### [WHAT YOU SHOULD DO]
Only one stretch of the records below is wanted: the lines from the one holding "The lighting is" through the one holding "Магазин детских колясок". Return it exactly, both ends included.

### [EXCERPTED RECORDS]
------------------------------

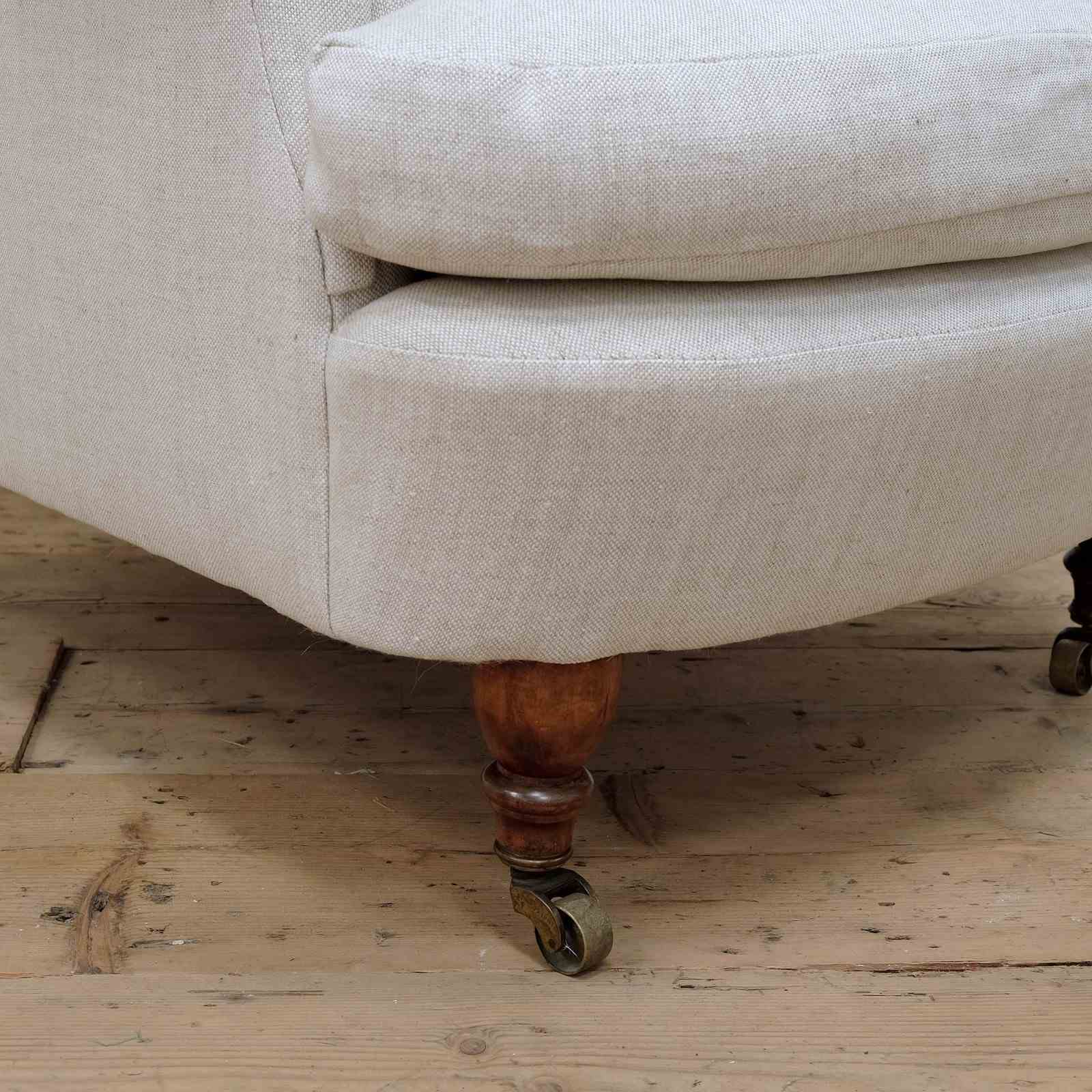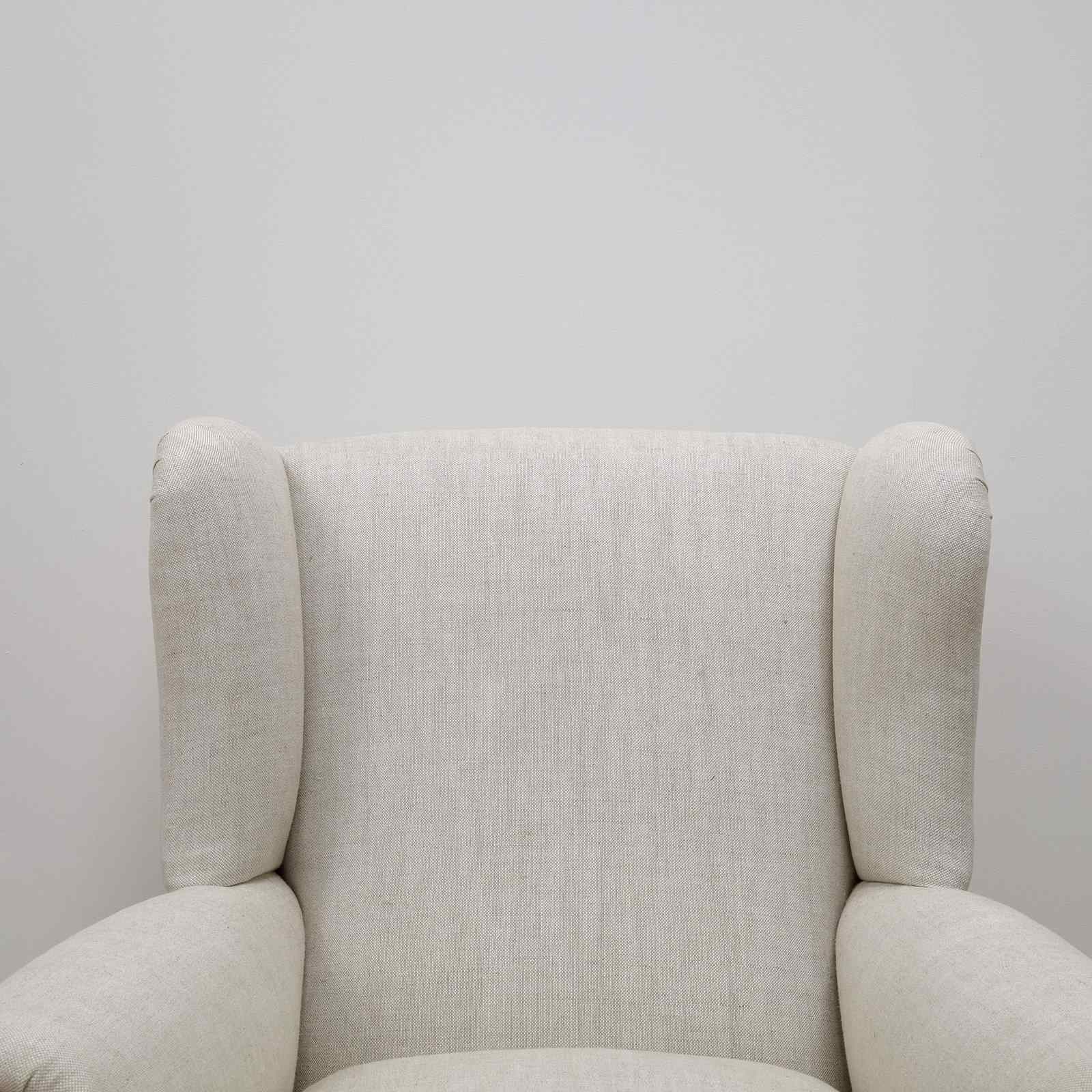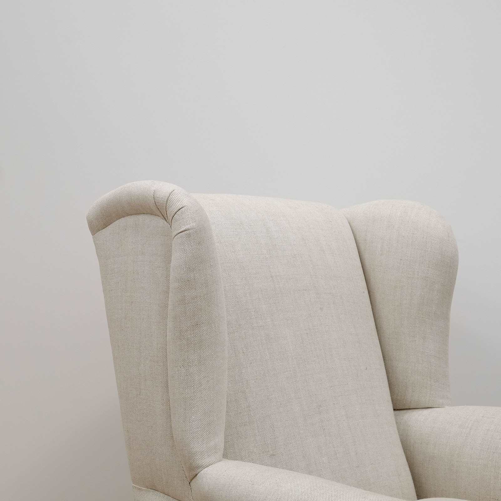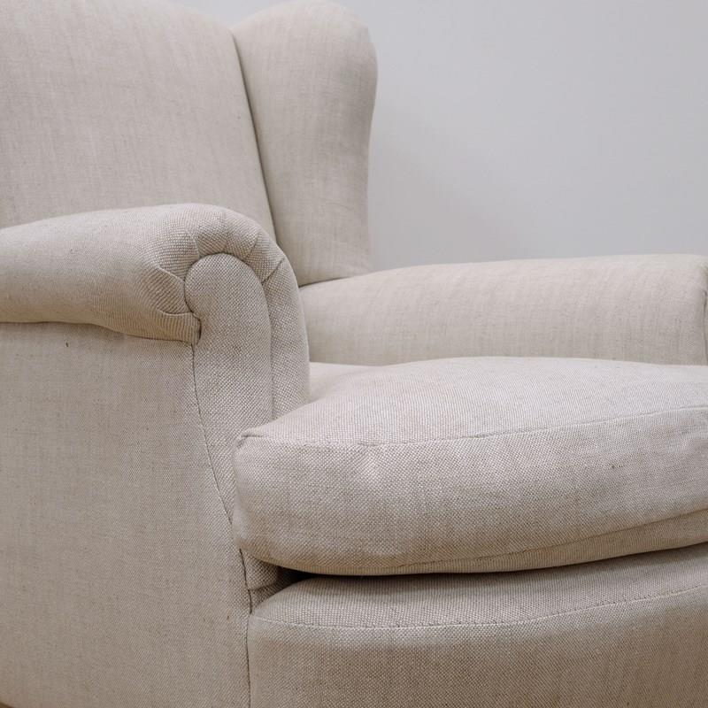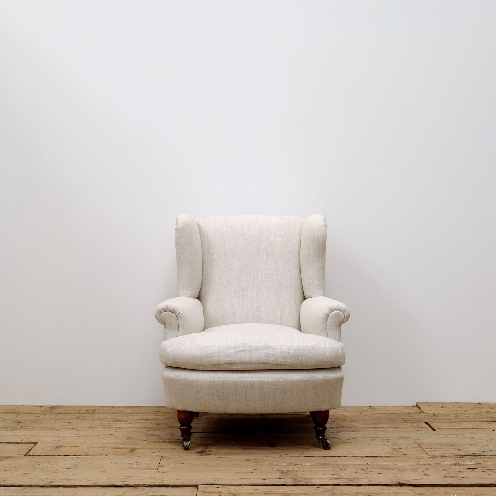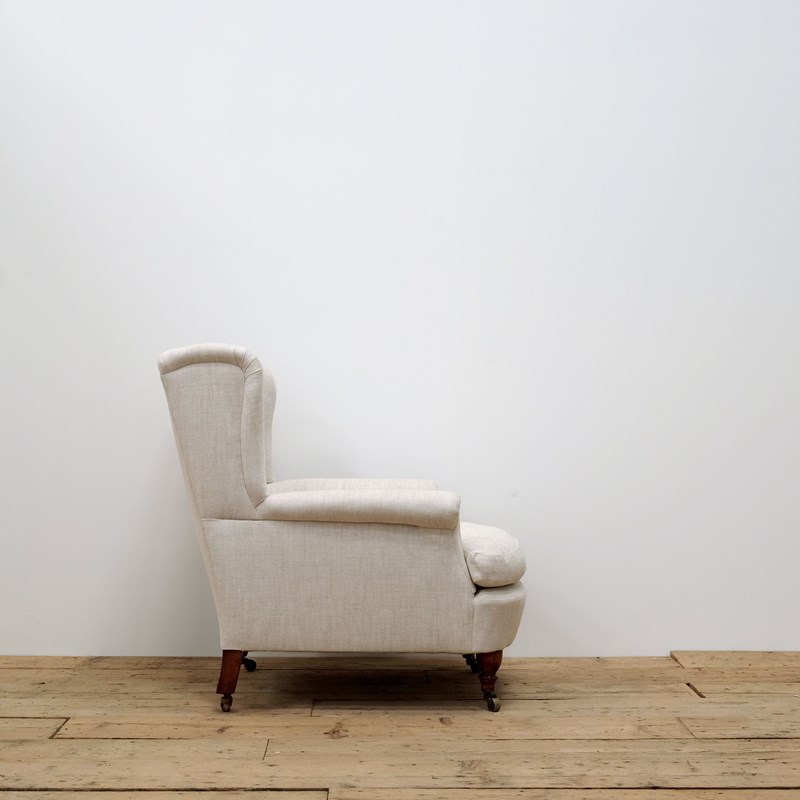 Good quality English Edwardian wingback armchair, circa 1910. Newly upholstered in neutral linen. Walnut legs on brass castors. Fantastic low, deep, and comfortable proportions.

------------------------------

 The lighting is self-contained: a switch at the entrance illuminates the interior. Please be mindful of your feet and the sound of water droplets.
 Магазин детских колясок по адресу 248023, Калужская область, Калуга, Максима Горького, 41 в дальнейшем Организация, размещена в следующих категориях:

------------------------------

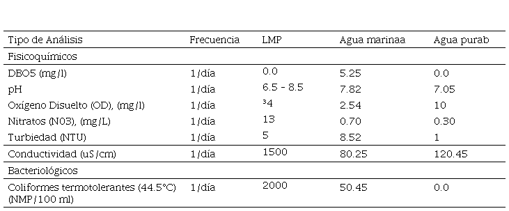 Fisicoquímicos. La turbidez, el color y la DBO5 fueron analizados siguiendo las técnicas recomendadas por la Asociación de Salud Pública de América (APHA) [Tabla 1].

------------------------------

### [RESPONSE TO THE EXERCISE]
 The lighting is self-contained: a switch at the entrance illuminates the interior. Please be mindful of your feet and the sound of water droplets.
 Магазин детских колясок по адресу 248023, Калужская область, Калуга, Максима Горького, 41 в дальнейшем Организация, размещена в следующих категориях:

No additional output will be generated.